▶ TASK REQUIREMENTS:
Starting from the line with "A breakdown of", please copy exactly every line to the end of the listing, but not the pictures.

▶ GIVEN INFORMATION:
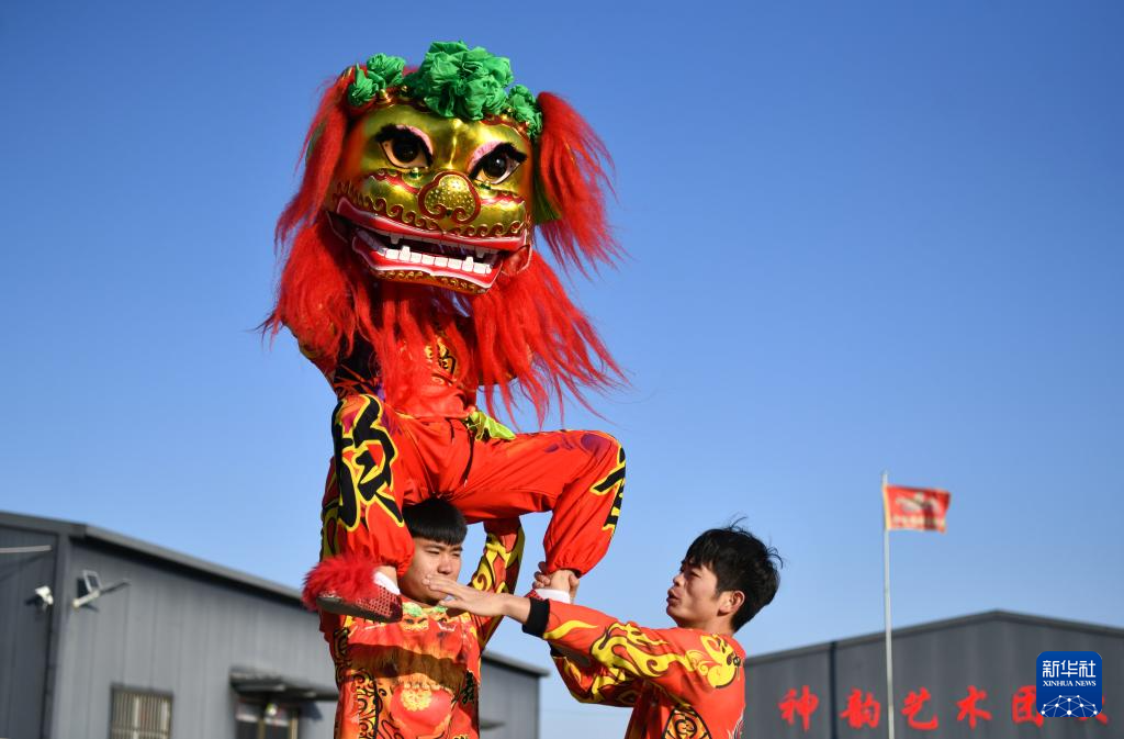 12月20日,河北省滄州市滄縣神韻舞獅傳承基地的學員在練習舞獅動作。
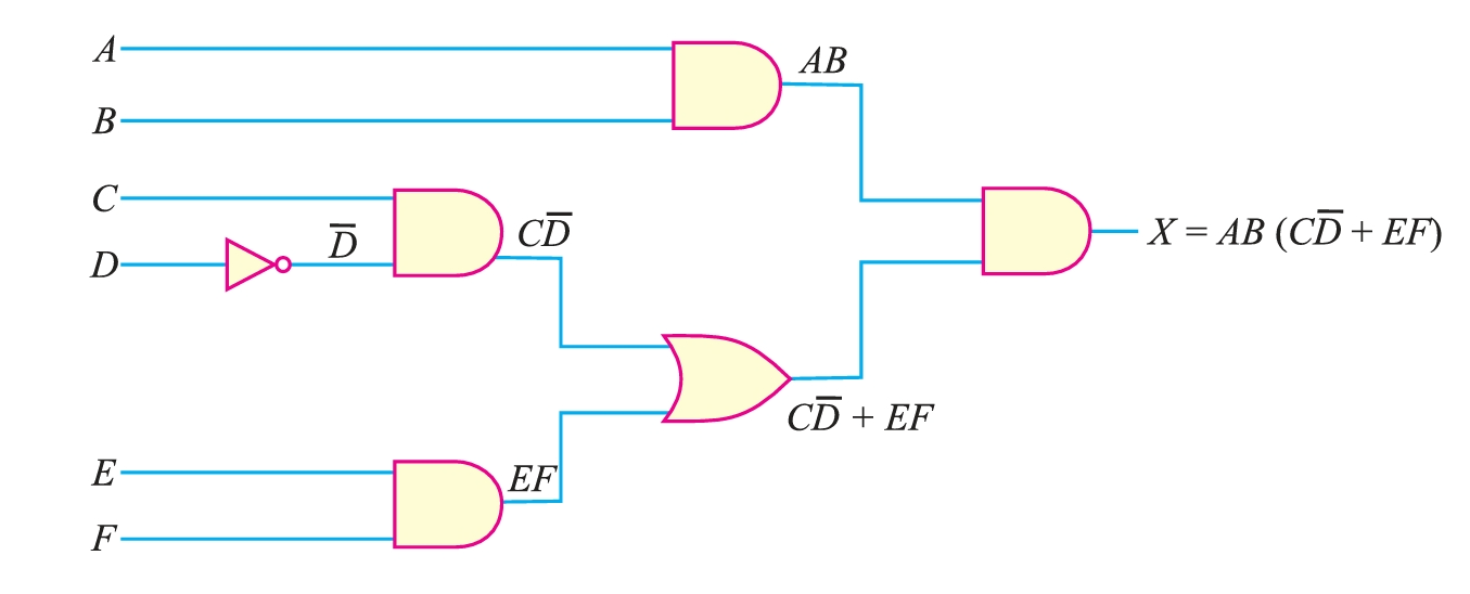 A breakdown of this equation shows that the term \(AB\) and the term \((C\overline{D} + EF)\) are ANDed. The term \(AB\) is formed by ANDing the variables \(A\) and \(B\). The term \(C\overline{D} + EF\) is formed first by ANDing \(C\) and \(\overline{D}\), ANDing \(E\) and \(F\), and then ORing these two terms. The logic gates required to implement \(X = AB (C\overline{D} + EF)\) are as follows :
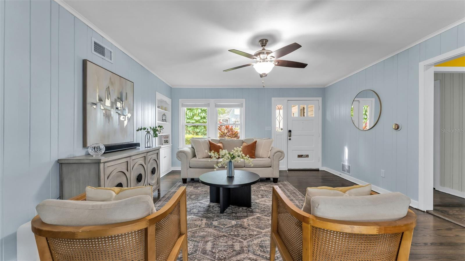 The living room is bright and open, with a skylight and windows overlooking the patio and pool. Built-in shelving adds charm and storage, while the layout makes it easy to enjoy both quiet mornings and lively gatherings.

▶ TASK SOLUTION:
 A breakdown of this equation shows that the term \(AB\) and the term \((C\overline{D} + EF)\) are ANDed. The term \(AB\) is formed by ANDing the variables \(A\) and \(B\). The term \(C\overline{D} + EF\) is formed first by ANDing \(C\) and \(\overline{D}\), ANDing \(E\) and \(F\), and then ORing these two terms. The logic gates required to implement \(X = AB (C\overline{D} + EF)\) are as follows :
 The living room is bright and open, with a skylight and windows overlooking the patio and pool. Built-in shelving adds charm and storage, while the layout makes it easy to enjoy both quiet mornings and lively gatherings.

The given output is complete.